The changing economic fundamentals have changed people’s general expectations for the real estate sector. It is similar to what happened in 2008, when the global financial crisis battered the Chinese economy and, suddenly, demand for real estate seemed frozen and sales quickly slumped.
As we all know, the central government took unprecedented stimulus measures during the global financial crisis to bail out the national economy, which also saved the real estate sector.
This time, however, the central government does not wish to repeat what it did during the 2008 crisis - i.e. launching massive stimulus programs - for fear of stoking liquidity and inflation.

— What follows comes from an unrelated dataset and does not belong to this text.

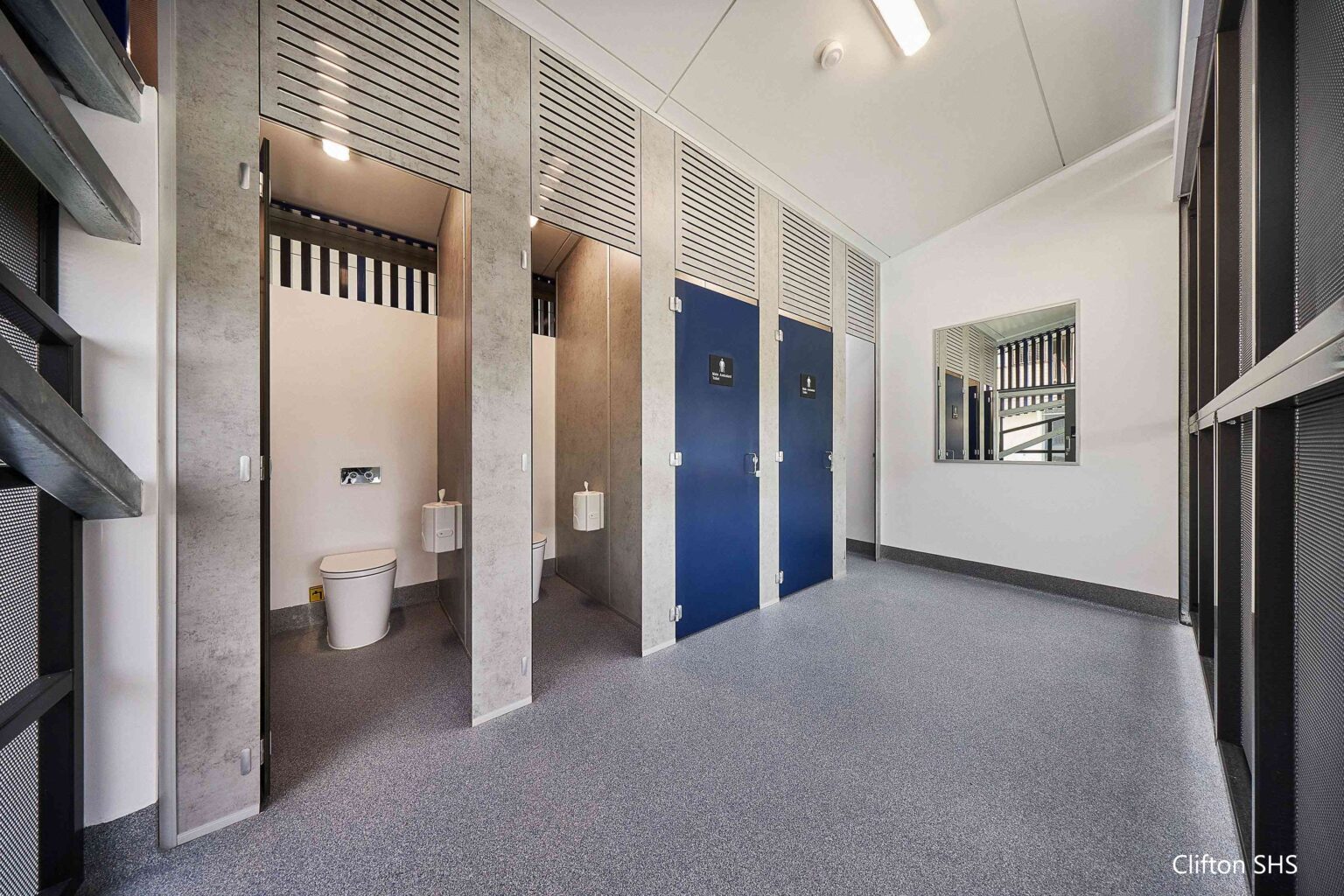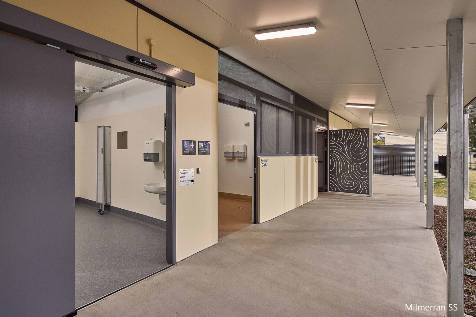 At Clifton State High School, the works included demolition of existing facilities to make way for a new, fully accessible amenities block incorporating a Changing Places facility to support people with disability. The scope also included a new covered walkway and improved pedestrian connections, enhancing accessibility and movement across the campus.

Developers, therefore, have to rely on local supportive policies to survive the current woes.
The local governments, meanwhile, have no other option but to help revitalize the market, since a large proportion of local revenue comes from the real estate sector and related industries.
The problem is: Will such policies work this time to help bail out the developers?

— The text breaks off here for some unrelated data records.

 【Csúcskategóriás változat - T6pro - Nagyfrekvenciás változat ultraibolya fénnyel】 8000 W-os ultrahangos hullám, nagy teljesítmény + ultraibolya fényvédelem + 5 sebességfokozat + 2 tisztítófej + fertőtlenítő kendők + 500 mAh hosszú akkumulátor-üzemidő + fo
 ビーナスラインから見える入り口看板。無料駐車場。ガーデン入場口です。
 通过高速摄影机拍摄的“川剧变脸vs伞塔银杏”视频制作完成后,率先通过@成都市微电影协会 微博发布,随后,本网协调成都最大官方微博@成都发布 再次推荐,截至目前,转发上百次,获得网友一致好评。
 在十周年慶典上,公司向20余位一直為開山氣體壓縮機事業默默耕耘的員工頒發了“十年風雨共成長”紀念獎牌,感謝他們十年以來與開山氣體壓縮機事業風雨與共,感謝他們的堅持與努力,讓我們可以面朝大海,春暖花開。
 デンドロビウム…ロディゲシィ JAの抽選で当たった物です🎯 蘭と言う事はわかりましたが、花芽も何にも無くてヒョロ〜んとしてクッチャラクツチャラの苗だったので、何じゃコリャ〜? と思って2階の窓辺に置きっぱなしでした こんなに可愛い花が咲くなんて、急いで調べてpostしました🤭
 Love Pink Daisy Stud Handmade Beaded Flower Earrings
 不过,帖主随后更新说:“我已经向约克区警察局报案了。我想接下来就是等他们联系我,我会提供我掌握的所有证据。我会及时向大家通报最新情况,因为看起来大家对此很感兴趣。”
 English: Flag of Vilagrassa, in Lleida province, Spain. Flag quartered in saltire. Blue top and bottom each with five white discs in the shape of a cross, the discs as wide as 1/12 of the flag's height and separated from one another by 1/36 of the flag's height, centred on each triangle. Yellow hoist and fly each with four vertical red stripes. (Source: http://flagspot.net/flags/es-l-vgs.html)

Media reports show that some local governments plan to encourage people to buy more properties, and they also plan to make the banks cut interest rates for mortgages. Price cuts by developers would also be banned so that there will not be any chain effect of price cuts in the market.
Such measures, if implemented, are set to play a role in temporarily boosting the local property market. But such boosts will not bring prosperity to the real estate market in the long run.
This planned market intervention is dangerous. By postponing the inevitable, it affects the normal functioning of the market and will only backfire - and, if that happens, the local governments will have to spend a fortune to clean up the mess.